Activity: Only one stretch of the records below should be repeated. It starts with the line containing "प्रधानमंत्री नरेंद्र मोदी" and goes on through the line containing "إن كنت تبحث", exactly as written.

Data to use:

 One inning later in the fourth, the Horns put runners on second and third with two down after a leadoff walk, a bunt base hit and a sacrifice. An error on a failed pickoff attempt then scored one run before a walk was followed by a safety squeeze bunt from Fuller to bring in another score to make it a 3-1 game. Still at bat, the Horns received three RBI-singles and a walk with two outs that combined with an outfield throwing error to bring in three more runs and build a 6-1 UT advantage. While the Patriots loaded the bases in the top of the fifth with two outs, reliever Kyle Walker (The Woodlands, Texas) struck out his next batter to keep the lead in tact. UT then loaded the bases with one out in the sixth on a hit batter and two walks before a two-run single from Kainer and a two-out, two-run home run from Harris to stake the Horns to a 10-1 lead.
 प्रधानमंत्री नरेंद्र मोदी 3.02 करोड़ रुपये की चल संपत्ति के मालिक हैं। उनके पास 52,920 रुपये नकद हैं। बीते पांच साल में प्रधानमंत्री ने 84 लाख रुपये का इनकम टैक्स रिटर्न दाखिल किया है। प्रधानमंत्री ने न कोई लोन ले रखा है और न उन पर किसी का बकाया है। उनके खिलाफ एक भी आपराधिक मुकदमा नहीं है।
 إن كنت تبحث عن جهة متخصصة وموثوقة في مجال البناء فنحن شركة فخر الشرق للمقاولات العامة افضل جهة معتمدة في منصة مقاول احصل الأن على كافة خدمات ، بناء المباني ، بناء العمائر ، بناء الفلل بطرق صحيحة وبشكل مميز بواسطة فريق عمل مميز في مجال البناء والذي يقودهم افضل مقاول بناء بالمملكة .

---

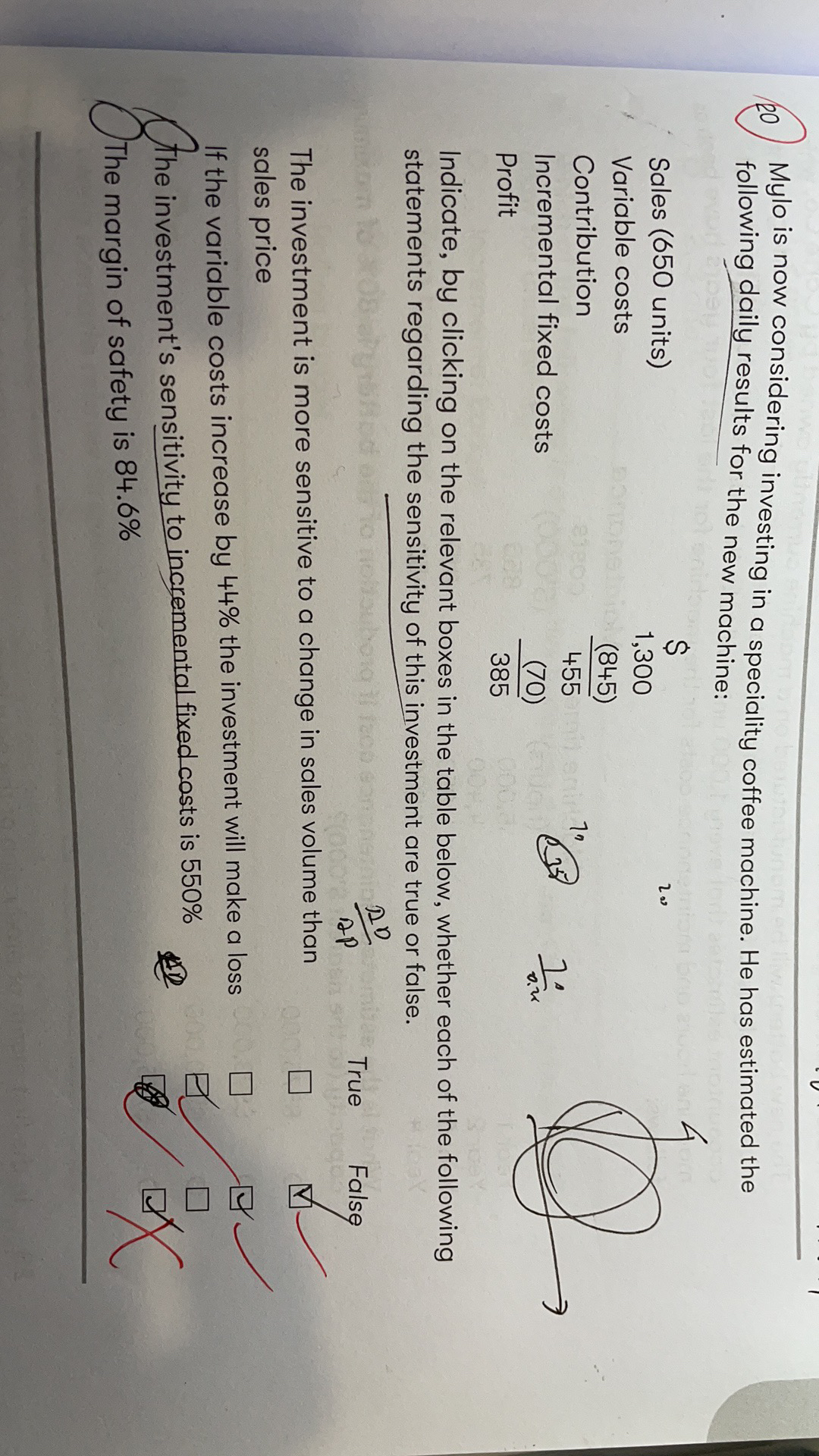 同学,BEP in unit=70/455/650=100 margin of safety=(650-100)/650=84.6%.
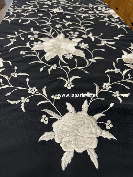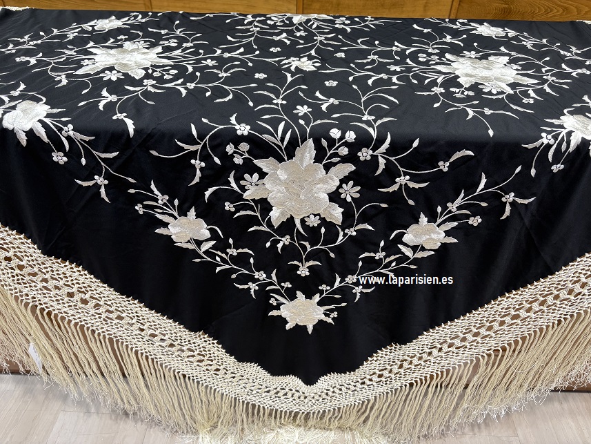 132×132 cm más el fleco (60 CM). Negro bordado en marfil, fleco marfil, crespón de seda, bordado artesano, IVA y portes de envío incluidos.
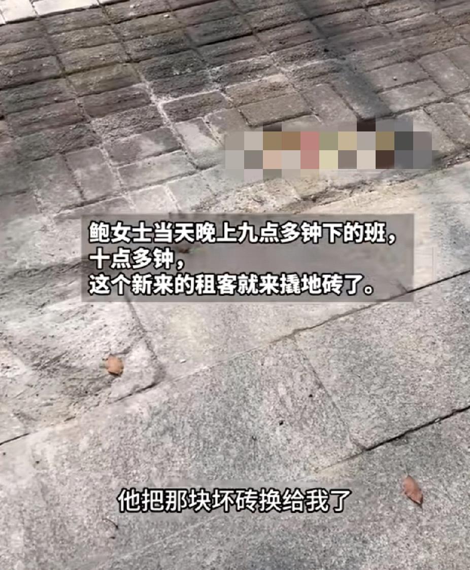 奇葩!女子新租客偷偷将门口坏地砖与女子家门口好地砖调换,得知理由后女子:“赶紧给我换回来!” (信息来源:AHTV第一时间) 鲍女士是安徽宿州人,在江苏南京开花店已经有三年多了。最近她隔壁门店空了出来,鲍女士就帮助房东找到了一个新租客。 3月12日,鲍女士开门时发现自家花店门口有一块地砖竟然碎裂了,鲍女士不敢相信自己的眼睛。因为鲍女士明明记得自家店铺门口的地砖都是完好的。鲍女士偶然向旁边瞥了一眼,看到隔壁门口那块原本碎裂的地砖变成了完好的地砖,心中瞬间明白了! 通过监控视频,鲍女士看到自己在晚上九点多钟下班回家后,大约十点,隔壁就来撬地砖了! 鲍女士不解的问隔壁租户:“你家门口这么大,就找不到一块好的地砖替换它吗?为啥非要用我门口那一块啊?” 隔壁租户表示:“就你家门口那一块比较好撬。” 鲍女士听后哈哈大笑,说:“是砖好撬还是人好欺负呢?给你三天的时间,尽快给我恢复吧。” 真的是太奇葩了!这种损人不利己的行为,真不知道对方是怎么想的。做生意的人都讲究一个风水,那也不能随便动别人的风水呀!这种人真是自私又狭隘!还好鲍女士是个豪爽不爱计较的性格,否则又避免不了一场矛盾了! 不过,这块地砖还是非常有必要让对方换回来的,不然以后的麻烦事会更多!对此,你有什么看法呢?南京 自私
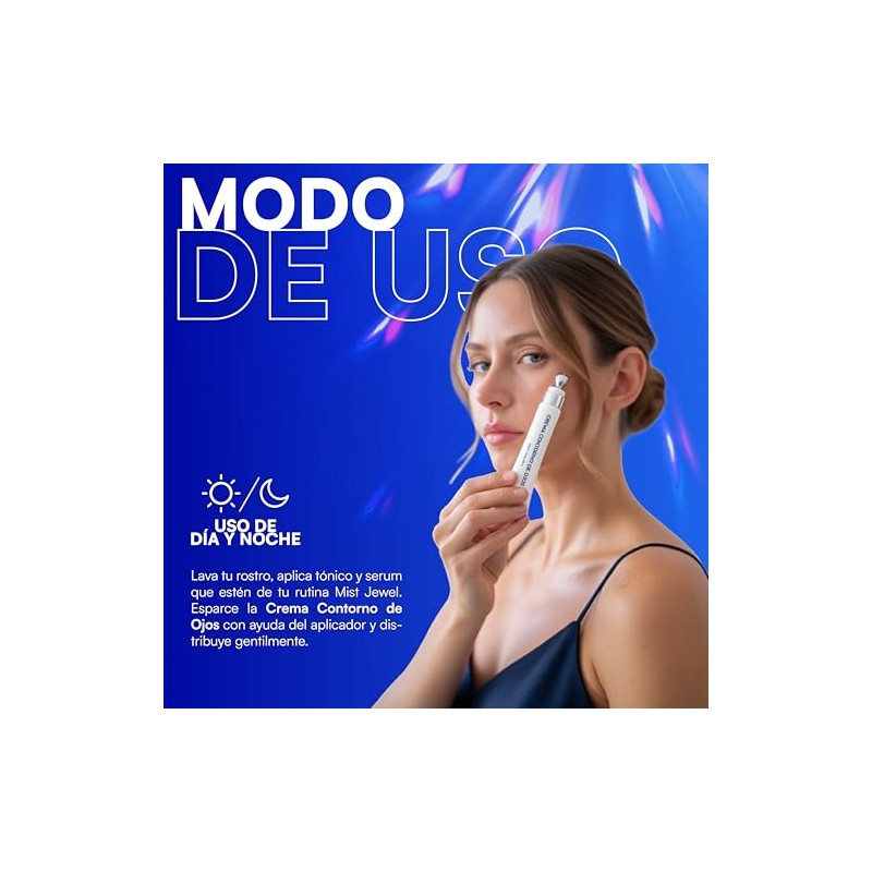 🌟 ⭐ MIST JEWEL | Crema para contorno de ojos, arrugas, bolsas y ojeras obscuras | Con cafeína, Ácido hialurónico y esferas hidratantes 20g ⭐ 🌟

Problem solution:
 प्रधानमंत्री नरेंद्र मोदी 3.02 करोड़ रुपये की चल संपत्ति के मालिक हैं। उनके पास 52,920 रुपये नकद हैं। बीते पांच साल में प्रधानमंत्री ने 84 लाख रुपये का इनकम टैक्स रिटर्न दाखिल किया है। प्रधानमंत्री ने न कोई लोन ले रखा है और न उन पर किसी का बकाया है। उनके खिलाफ एक भी आपराधिक मुकदमा नहीं है।
 إن كنت تبحث عن جهة متخصصة وموثوقة في مجال البناء فنحن شركة فخر الشرق للمقاولات العامة افضل جهة معتمدة في منصة مقاول احصل الأن على كافة خدمات ، بناء المباني ، بناء العمائر ، بناء الفلل بطرق صحيحة وبشكل مميز بواسطة فريق عمل مميز في مجال البناء والذي يقودهم افضل مقاول بناء بالمملكة .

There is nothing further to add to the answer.